Tu Yicheng, Eslami Mehrad, Xu Zichen, Charkhgard Hadi
Dept. of Computer Science, University of South Florida, Tampa, Florida, USA.
Jiaxing Neofelis, Technology Co. Ltd, Jiaxing, Zhejiang, China.
Proc IEEE Int Conf Big Data. 2022 Dec;2022:252-261. doi: 10.1109/bigdata55660.2022.10020338. Epub 2023 Jan 26.
Sharing data and computation among concurrent queries has been an active research topic in database systems. While work in this area developed algorithms and systems that are shown to be effective, there is a lack of logical foundation for query processing and optimization. In this paper, we present PsiDB, a system model for processing a large number of database queries in a batch. The key idea is to generate a single query expression that returns a global relation containing all the data needed for individual queries. For that, we propose the use of a type of relational operators called -operators in combining the individual queries into the global expression. We tackle the algebraic optimization problem in PsiDB by developing equivalence rules to transform concurrent queries with the purpose of revealing query optimization opportunities.
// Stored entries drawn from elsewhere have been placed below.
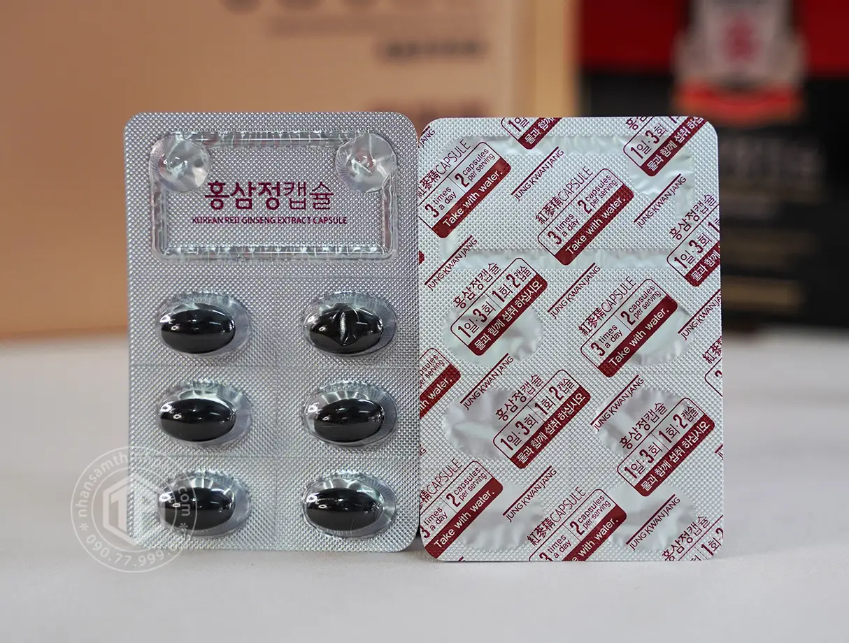 Thành phần: Chiết xuất hồng sâm Hàn Quốc (6 năm tuổi, thành phần rắn 95%, ginsenoside Rg1 + Rb1 + Rg3 7mg/g) 35% (tỷ lệ pha trộn : củ sâm 75%, rễ sâm 25%), dầu mầm lúa mì (Đức), Dầu cọ (Malaysia), dầu hạt nho, Milnam, lecithin. Thành phần vỏ viên nang : tinh bột hydroxypropyl starch, glycerin, carrageenan, màu cacao (có chứa bột mì, đậu nành)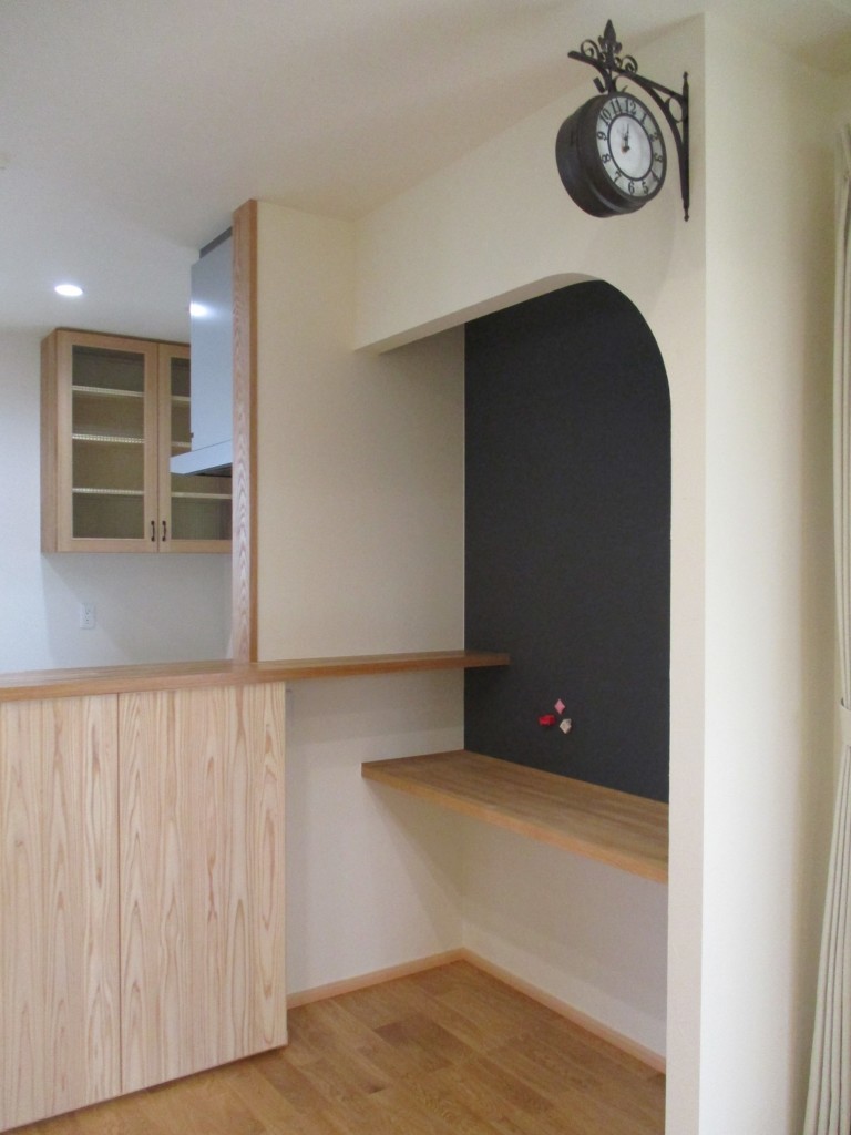 机を造り付け、前の壁を【磁石がつく黒板クロス】にしました。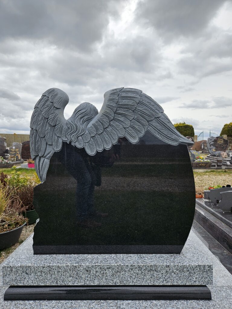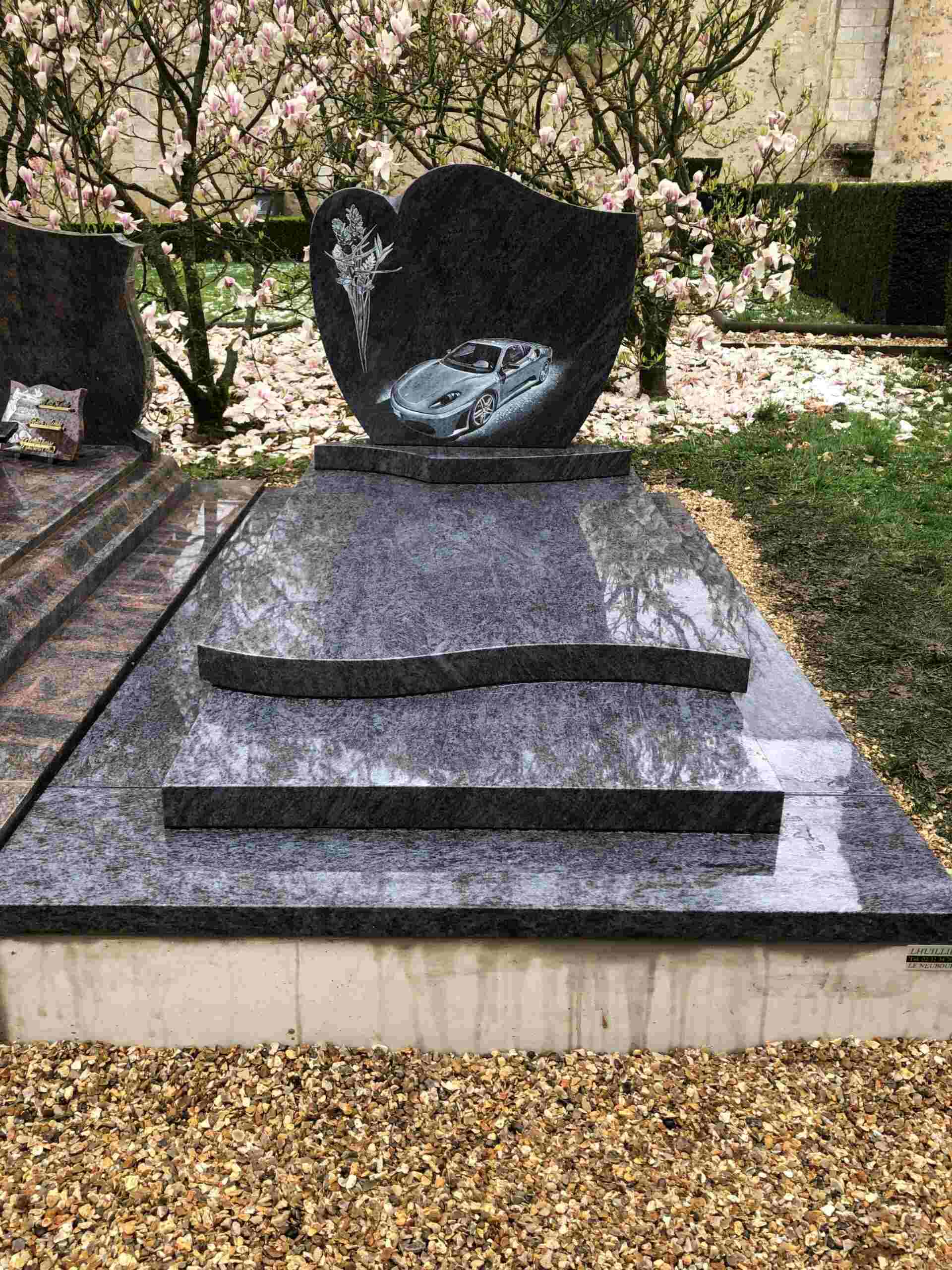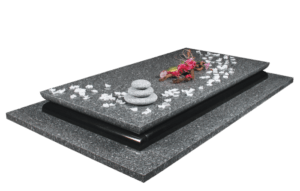 Monument funéraire Original en granit orion et noir fin disponible avec ou sans motifs, en plusieurs épaisseurs et plusieurs couleurs.
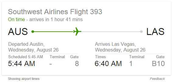 This clever answer box enables a quick view of the current flight status by searching for the airline and flight number.

Centering around the -operator, our rules not only cover many optimization techniques adopted in existing batch processing systems, but also revealed new optimization opportunities. Experiments conducted on an early prototype of PsiDB show a performance improvement of up to 36X over a mainstream commercial DBMS.
在并发查询之间共享数据和计算一直是数据库系统中一个活跃的研究课题。虽然该领域的工作开发了一些被证明有效的算法和系统,但查询处理和优化缺乏逻辑基础。在本文中,我们提出了PsiDB,这是一种用于批量处理大量数据库查询的系统模型。关键思想是生成一个单一的查询表达式,该表达式返回一个包含各个查询所需所有数据的全局关系。为此,我们建议使用一种称为-运算符的关系运算符类型,将各个查询组合成全局表达式。我们通过开发等价规则来处理PsiDB中的代数优化问题,以转换并发查询,目的是揭示查询优化机会。围绕-运算符,我们的规则不仅涵盖了现有批处理系统中采用的许多优化技术,还揭示了新的优化机会。在PsiDB的早期原型上进行的实验表明,与主流商业数据库管理系统相比,性能提高了多达36倍。